With all the CO 2 spewing into the atmosphere and extreme weather events in California, Louisiana and the MidWest, we’ve heard a lot about “sustainability”. Sustainability has to do with avoiding the depletion of natural resources in order to maintain an ecological balance; it’s about environmentally conscious living. Sustainability courses and degrees in environmental conservation, environmental science, urban planning and architecture are cropping up at colleges and universities.

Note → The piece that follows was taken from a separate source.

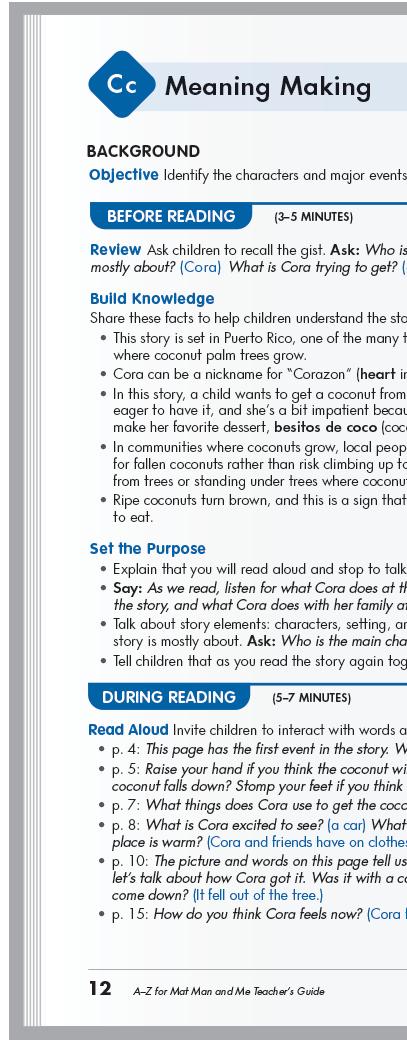 Meaning Making lessons target specific story elements, helping students practice recall of the text while strengthening connections between letters, words, and ideas.

In the last year or two, I have embarked on volunteering for non profits and social/political causes that are concerned with sustainability. It’s fascinating to collaborate with others whose professional careers have been focused on educating, advocating, and engaging in community affairs, to make the neighborhoods and the world more sustainable, safer, saner and more just. Sometime I wish I had followed this path earlier in my life.
My volunteering started before the pandemic took hold when I attended an industry event with a life long activist which was held at Northeastern University in Boston. For me, volunteering in retirement, keeps me mentally active, helps reduce social isolation and provides a sense of community too. It’s a cause that’s much bigger than me; it’s good for society and good for my soul.
The kind of volunteer work I like best is providing research-based intelligence and marketing support to a social advocacy group. Using my independent information research skills, I develop philanthropic profiles of donors and prospects for major gift campaigns. The impact is immense for smaller shops. It’s not rocket science. It’s prospect research.
I find it fascinating to learn about the associations and causes, early years and careers that truly wealthy yet charitable people pursue. Some learned about giving early in life, whereas others found it through faith and family, their careers, spouses and travel. The wealthy are sometime characterized as “high net worth individuals” (HNWI), and there are millions of them in the US. According to the “Capgemini World Wealth Report” and Credit Suisse’s “Global Wealth Report” (both published in 2019) there were 675,000 new millionaires in US in 2019 alone! There are currently over 18 million millionaires in the US, or about 5.5% of the total US population! (HNWI are those having investable assets of greater than 1 million dollar excluding primary residence, collectibles, consumables, and consumer durables). Fortunately many HNWI volunteer with non profits. In fact 47% volunteer and give donations to causes of their choice, big and small.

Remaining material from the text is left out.